Constantly moist mulch will definitely develop this fungus because it thrives in damp and dark places.

But if you only water your plants a couple of times a week when the topsoil really dries out (or the instructions say otherwise), mulch will have the time to dry out.

Avoid using sprinklers as they constantly wet the soil, which isn’t beneficial at all if you have mulched the garden bed. Mulch will quickly absorb that small amount of water without letting anything get to the plant’s roots.

You’ll end up having to deal with thirsty plants on top of slime mold on your mulch!

Is Yellow Slime Mold Harmful?

According to extension plant pathologist Ann Hazelrigg, slime molds are not poisonous to humans or animals. They don’t have appealing looks, but that’s about it!

However, dog vomit mold can cause an allergic reaction in individuals with a mold allergy. The response is caused by inhaling slime mold spores, which is all the more reason to remove them from your garden with care.

Final Thoughts

We discussed all the essential things you need to know about yellow fungus on mulch, and the most important thing is how to safely remove it.

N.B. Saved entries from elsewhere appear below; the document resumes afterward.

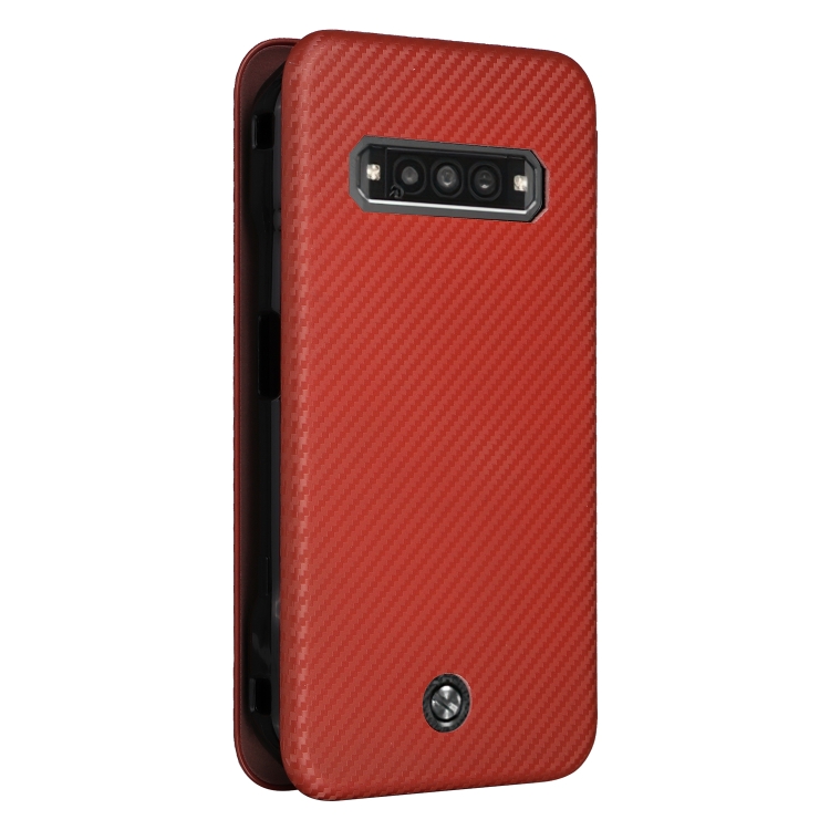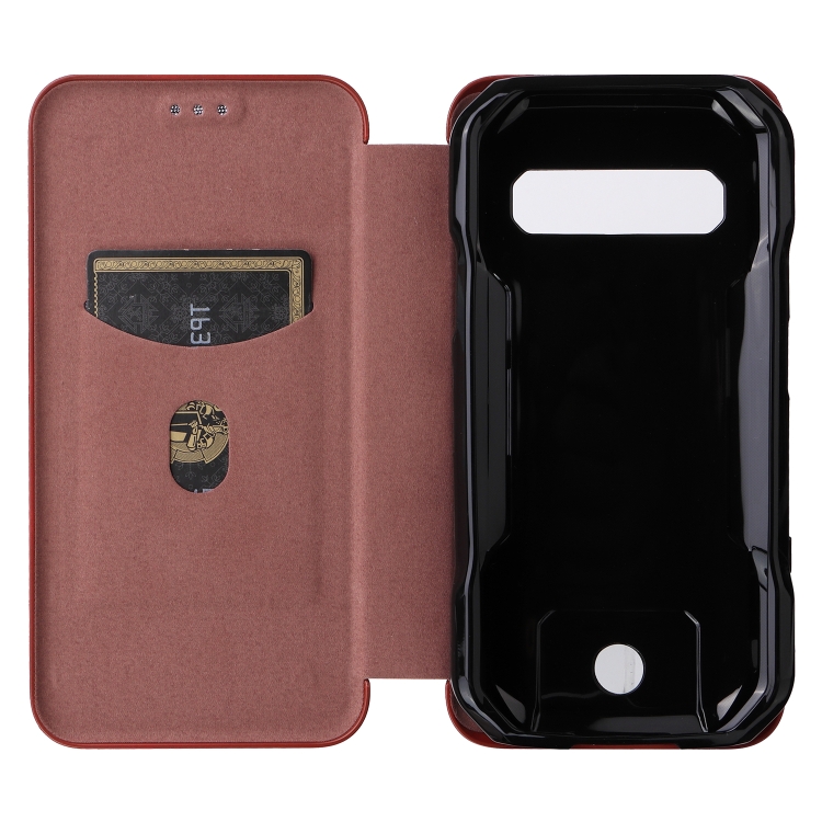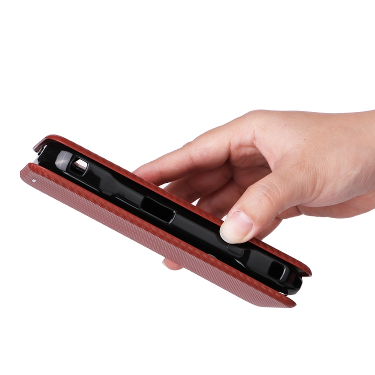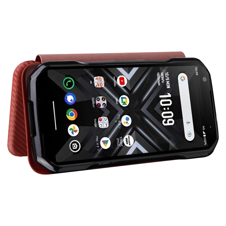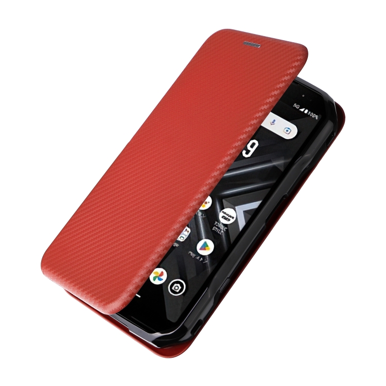 Funda de Cuero con Tapa para Kyocera Torque G06 Kyg03 con Textura de Fibra de Carbono (Marrón)
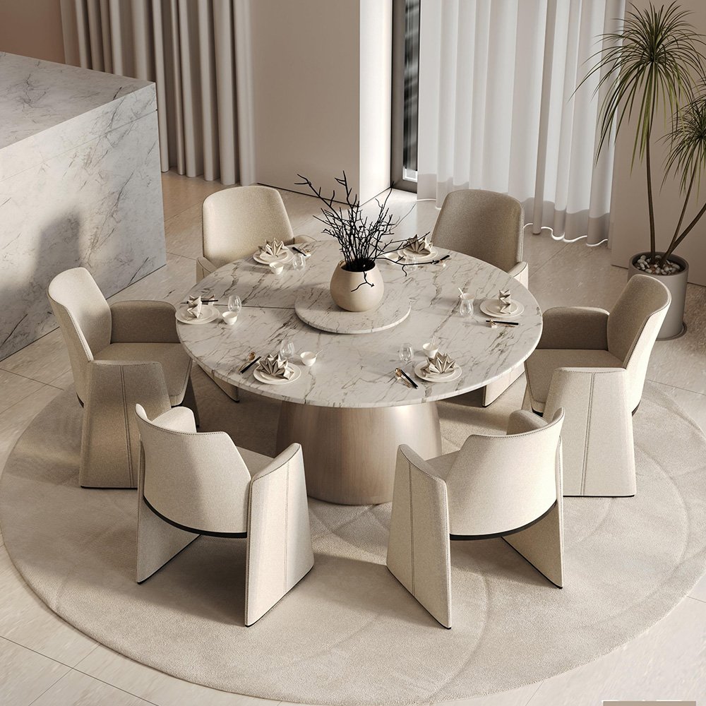 Solid wood (like oak, walnut, or ash) is a classic choice for durability, while glass, marble, and metal offer modern styles. Upholstered chairs add comfort and elegance.
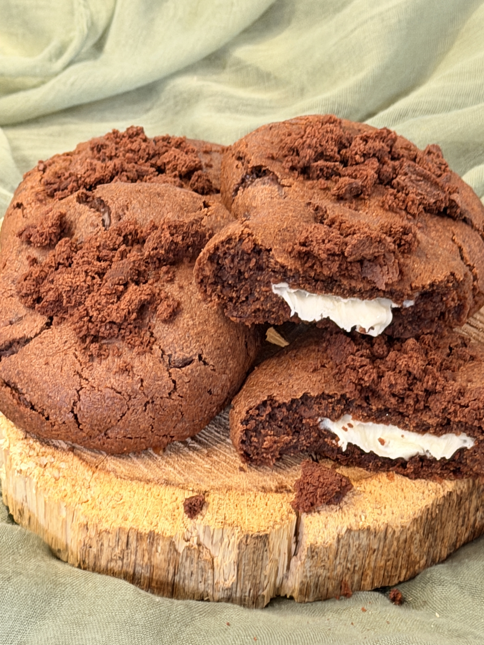 Een feestelijke verzenddoos gevuld met 6 knotsen van koeken in de smaak witte chocolade/cranberry en brownie/marsmallow
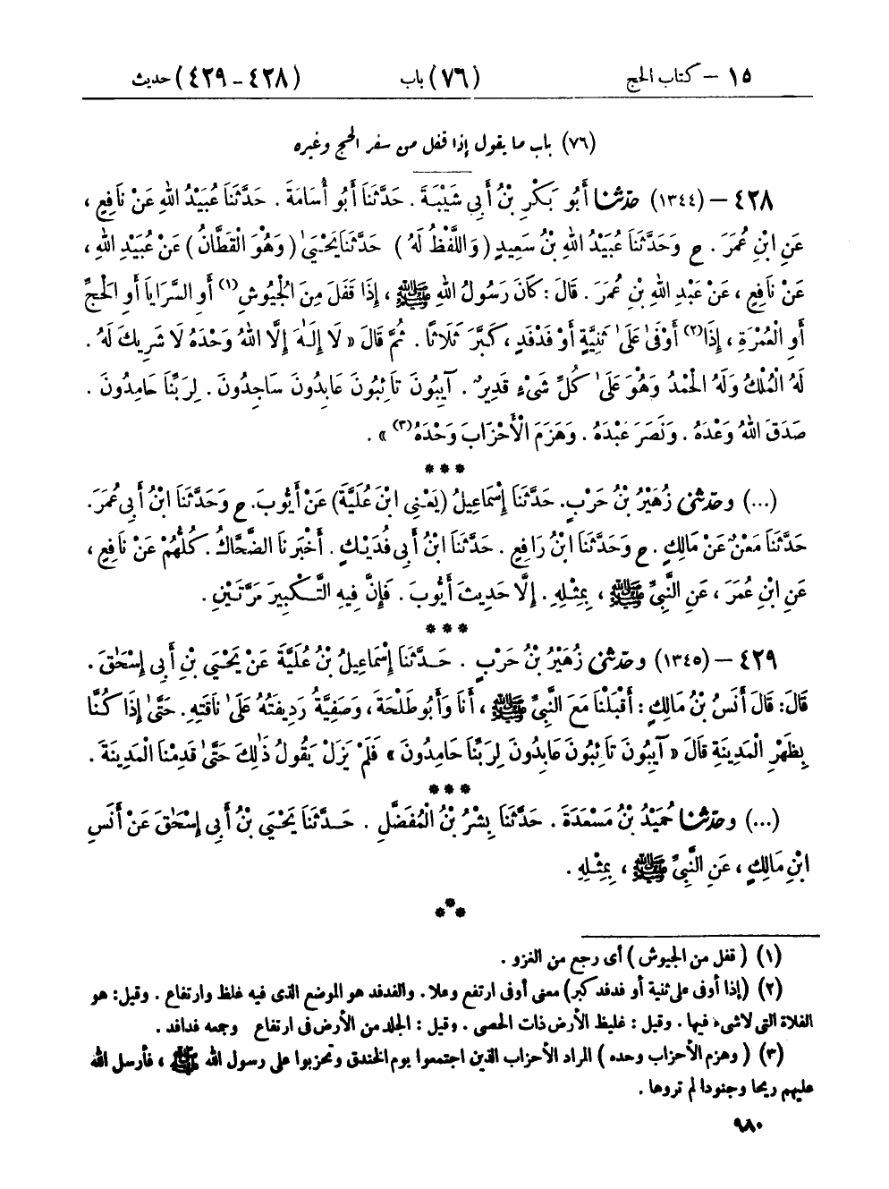 ٤٢٨ - (١٣٤٤) حَدَّثَنَا أَبُو بَكْرِ بْنُ أَبِي شَيْبَةَ، حَدَّثَنَا أَبُو أُسَامَةَ، حَدَّثَنَا عُبَيْدُ اللهِ، عَنْ نَافِعٍ، عَنِ ابْنِ عُمَرَ، ح وحَدَّثَنَا عُبَيْدُ اللهِ بْنُ سَعِيدٍ، وَاللَّفْظُ لَهُ، حَدَّثَنَا يَحْيَى وَهُوَ الْقَطَّانُ، عَنْ عُبَيْدِ اللهِ، عَنْ نَافِعٍ، عَنْ عَبْدِ اللهِ بْنِ عُمَرَ، قَالَ: كَانَ رَسُولُ اللهِ صَلَّى اللهُ عَلَيْهِ وَسَلَّمَ إِذَا قَفَلَ مِنَ الْجُيُوشِ، أَوِ السَّرَايَا، أَوِ الْحَجِّ، أَوِ الْعُمْرَةِ، إِذَا أَوْفَى عَلَى ثَنِيَّةٍ أَوْ فَدْفَدٍ، كَبَّرَ ثَلَاثًا، ثُمَّ قَالَ: «لَا إِلَهَ إِلَّا اللهُ وَحْدَهُ لَا شَرِيكَ لَهُ، لَهُ الْمُلْكُ وَلَهُ الْحَمْدُ وَهُوَ عَلَى كُلِّ شَيْءٍ قَدِيرٌ، آيِبُونَ تَائِبُونَ عَابِدُونَ سَاجِدُونَ لِرَبِّنَا حَامِدُونَ، صَدَقَ اللهُ وَعْدَهُ، وَنَصَرَ عَبْدَهُ، وَهَزَمَ الْأَحْزَابَ وَحْدَهُ»،
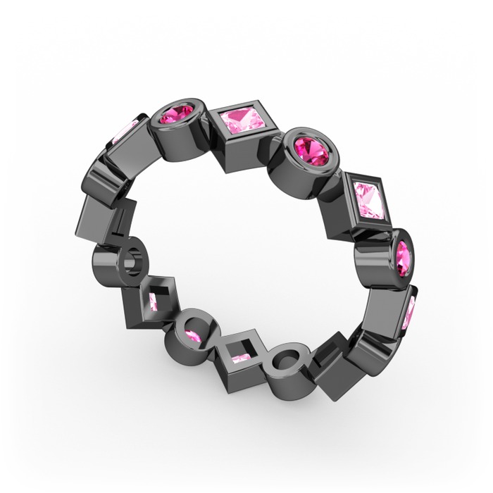 Pembe kuvars ve rodolit garnet 925 ayar siyah rodyum kaplama gümüş yüzük
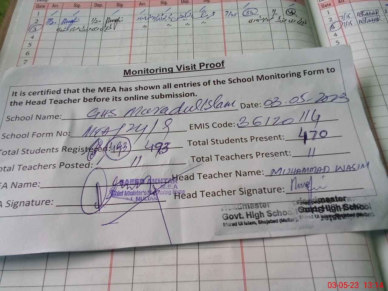 | Attendance Register | Head Teacher | MEA with School | Visit Proof |
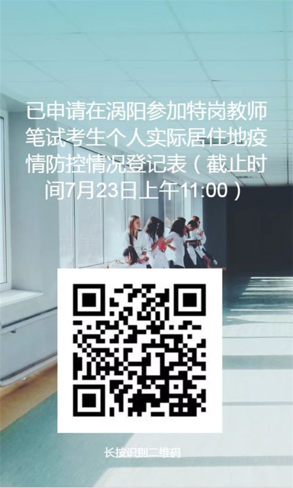 鉴于涡阳县突发疫情,根据省市教育主管部门安排,经研究,2022年7月24日举行的安徽省2022年农村特岗教师招聘笔试将在涡阳县设置考点。参加安徽省2022年农村特岗教师招聘笔试已打印准考证且目前居住或滞留在涡阳县的考生可自愿申请在涡阳县考点参加笔试。以下考生按照《关于在涡阳县设置安徽省2022年农村特岗教师招聘笔试考点的公告》要求提出了申请,现予以公示(见附件2)。请各位考生认真核对个人信息,如有信息错误,请及时与涡阳县教育局招生考试中心联系,我们将根据各位考生报考的岗位和当前实际情况排定考点(具体考点和考试要求另行通知)。同时为精准做好疫情防控工作,请公示的考生扫描二维码(见附件1),认真填写《已申请在涡阳参加特岗教师笔试考生个人实际居住地疫情防控情况登记表》,登记个人实际居住地疫情防控情况。信息核对及实际居住地疫情防控情况登记截止时间为7月23日上午11:00,逾期视为自动放弃。联系电话:0558-7213028。
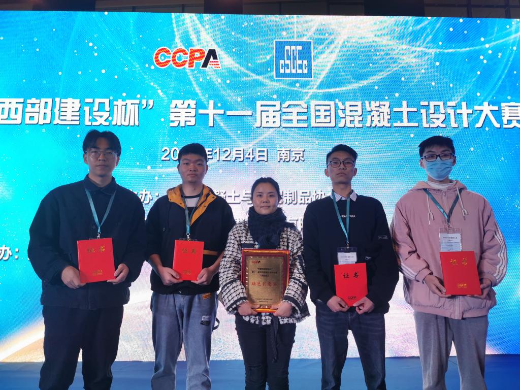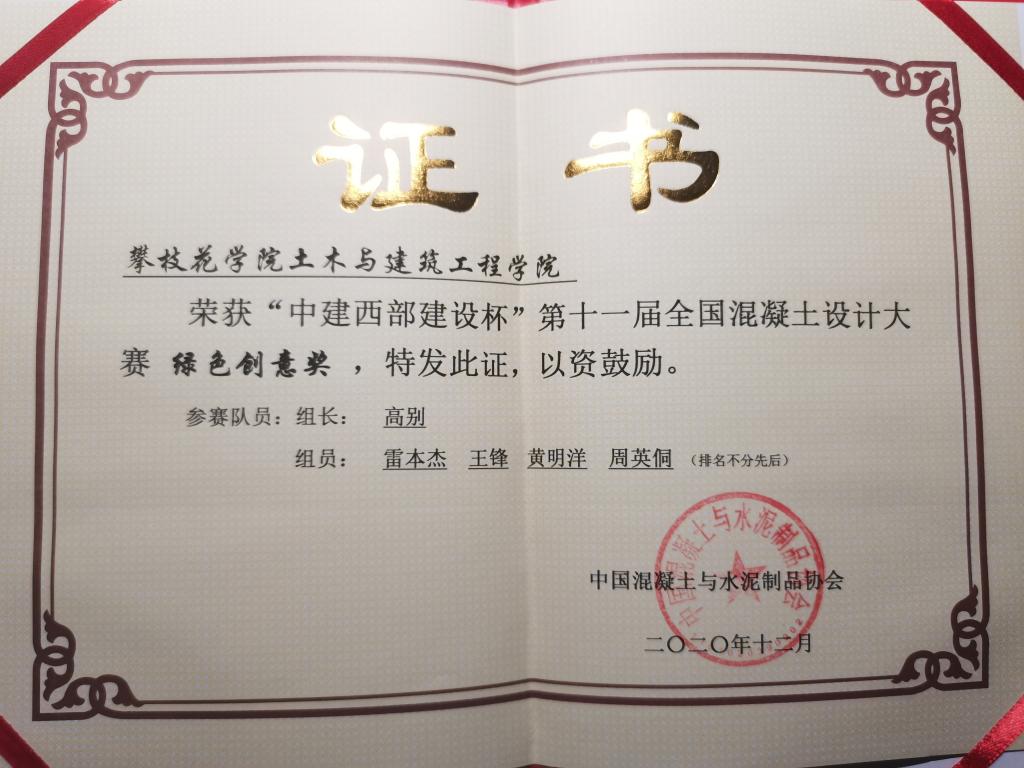 12月4日,“中建西部建设杯”第十一届全国混凝土设计大赛在南京举行。我校参赛队(土建学院学生:高别、雷本杰、王锋,钒钛学院学生:黄明洋、周英僮;指导教师:刘静)获得绿色创意奖。
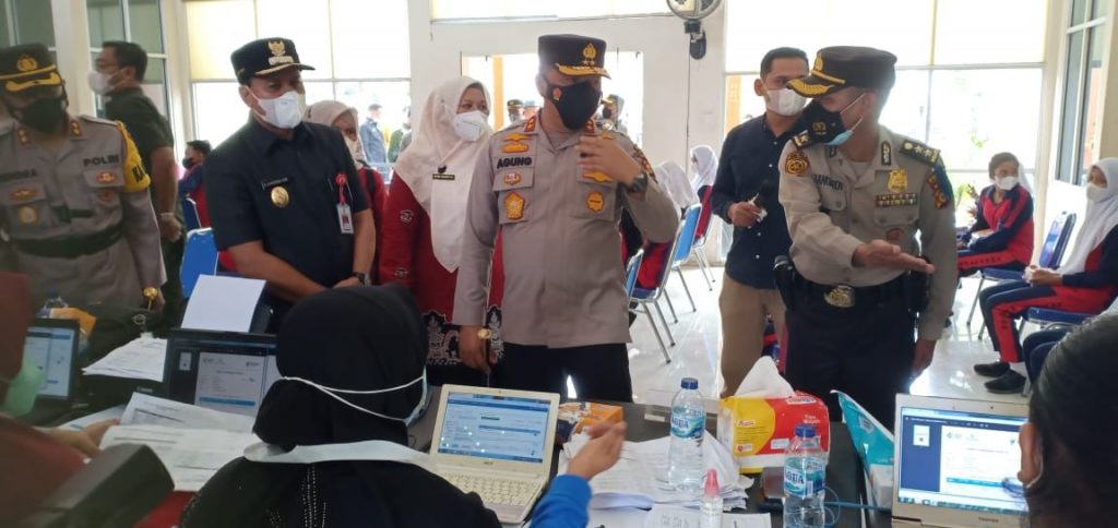 Selanjutnya, usai melounching aplikasi Bersama Selamatkan Riau ( BSR) Kapolda Riau Irjen Pol Agung Setya Imam Effendi SH SIK MSi meninjau langsung kegiatan Vaksinasi massal pelajar dan umum di gedung Dharma wanita Kuantan Singingi Kamis (18/11/2021).
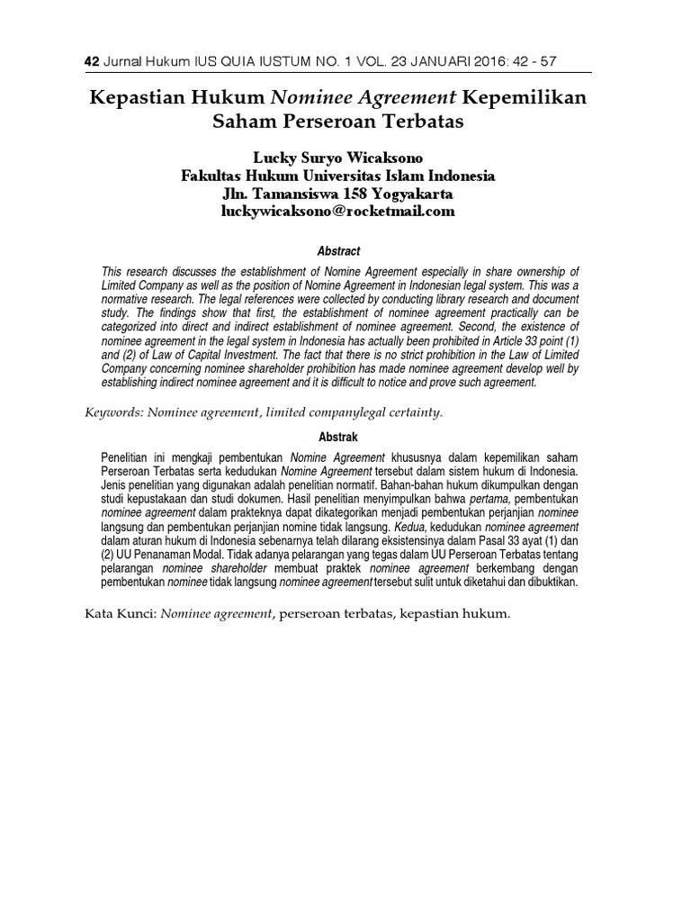 Kedudukan Hukum Nominee Agreement Dan Nominee Arrangement Dalam Penanaman Modal Pphbi Pusat Pengembangan Hukum Dan Bisnis Indonesia

The good news is that you don’t need any chemicals, and you can do it with a single trowel and a lot of patience and care.

The only thing you need to be careful about is damaging it, as that can spread its spores all over your garden.

We also mentioned some other things about this mold, such as what it is, why it appears in your yard, and how to prevent it.

Finally, it’s good to know that yellow fungus isn’t toxic, so you don’t have to be afraid for your children and pets.